-- Opening Marker --

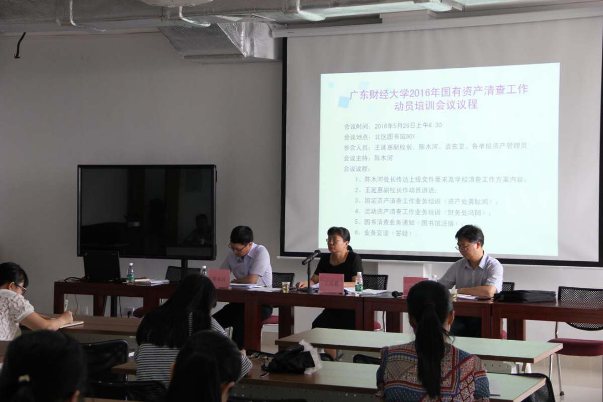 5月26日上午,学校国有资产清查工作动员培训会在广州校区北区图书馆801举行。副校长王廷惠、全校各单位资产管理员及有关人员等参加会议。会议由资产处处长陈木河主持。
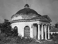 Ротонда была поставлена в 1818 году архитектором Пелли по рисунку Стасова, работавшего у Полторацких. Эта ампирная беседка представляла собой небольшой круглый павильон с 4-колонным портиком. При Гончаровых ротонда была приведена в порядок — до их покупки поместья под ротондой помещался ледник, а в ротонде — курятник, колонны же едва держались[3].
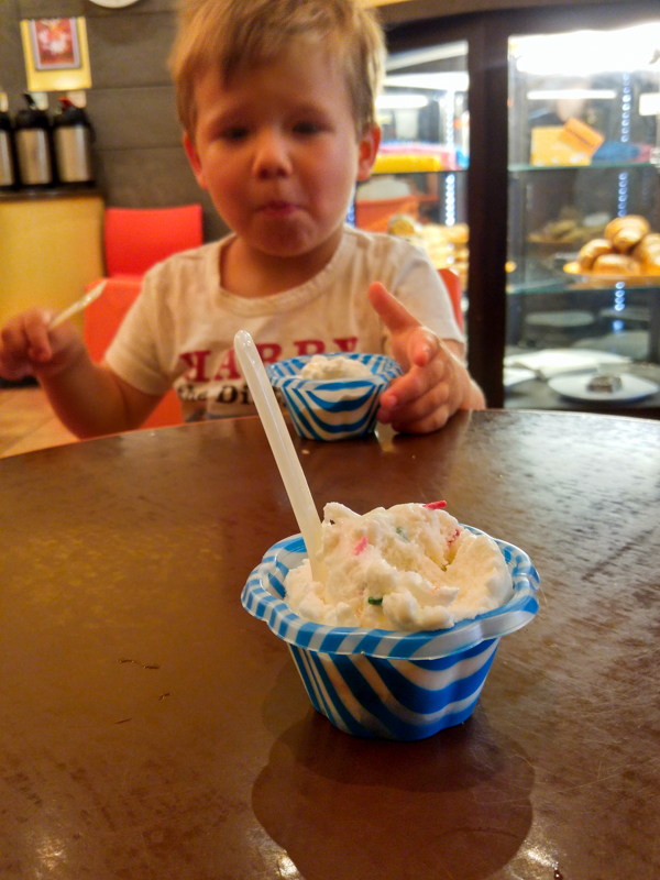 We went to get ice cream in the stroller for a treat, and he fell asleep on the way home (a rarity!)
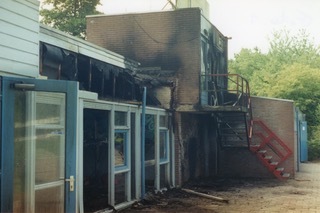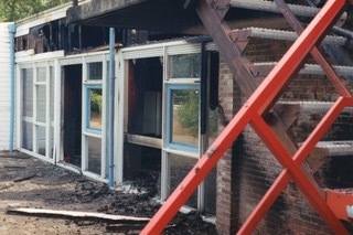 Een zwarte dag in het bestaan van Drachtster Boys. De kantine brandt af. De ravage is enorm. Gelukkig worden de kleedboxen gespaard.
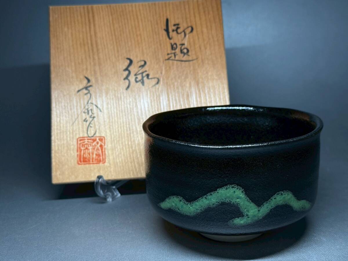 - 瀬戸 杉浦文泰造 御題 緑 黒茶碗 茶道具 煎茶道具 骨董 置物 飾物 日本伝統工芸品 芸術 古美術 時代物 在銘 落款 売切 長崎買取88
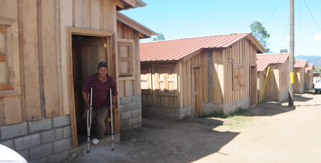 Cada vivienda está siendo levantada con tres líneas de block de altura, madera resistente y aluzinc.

-- Closing Marker --

* **TO DO**: Once the pictures are set aside, copy the remaining text of every entry exactly.

* **EXERCISE ANSWER**:
 5月26日上午,学校国有资产清查工作动员培训会在广州校区北区图书馆801举行。副校长王廷惠、全校各单位资产管理员及有关人员等参加会议。会议由资产处处长陈木河主持。
 Ротонда была поставлена в 1818 году архитектором Пелли по рисунку Стасова, работавшего у Полторацких. Эта ампирная беседка представляла собой небольшой круглый павильон с 4-колонным портиком. При Гончаровых ротонда была приведена в порядок — до их покупки поместья под ротондой помещался ледник, а в ротонде — курятник, колонны же едва держались[3].
 We went to get ice cream in the stroller for a treat, and he fell asleep on the way home (a rarity!)
 Een zwarte dag in het bestaan van Drachtster Boys. De kantine brandt af. De ravage is enorm. Gelukkig worden de kleedboxen gespaard.
 - 瀬戸 杉浦文泰造 御題 緑 黒茶碗 茶道具 煎茶道具 骨董 置物 飾物 日本伝統工芸品 芸術 古美術 時代物 在銘 落款 売切 長崎買取88
 Cada vivienda está siendo levantada con tres líneas de block de altura, madera resistente y aluzinc.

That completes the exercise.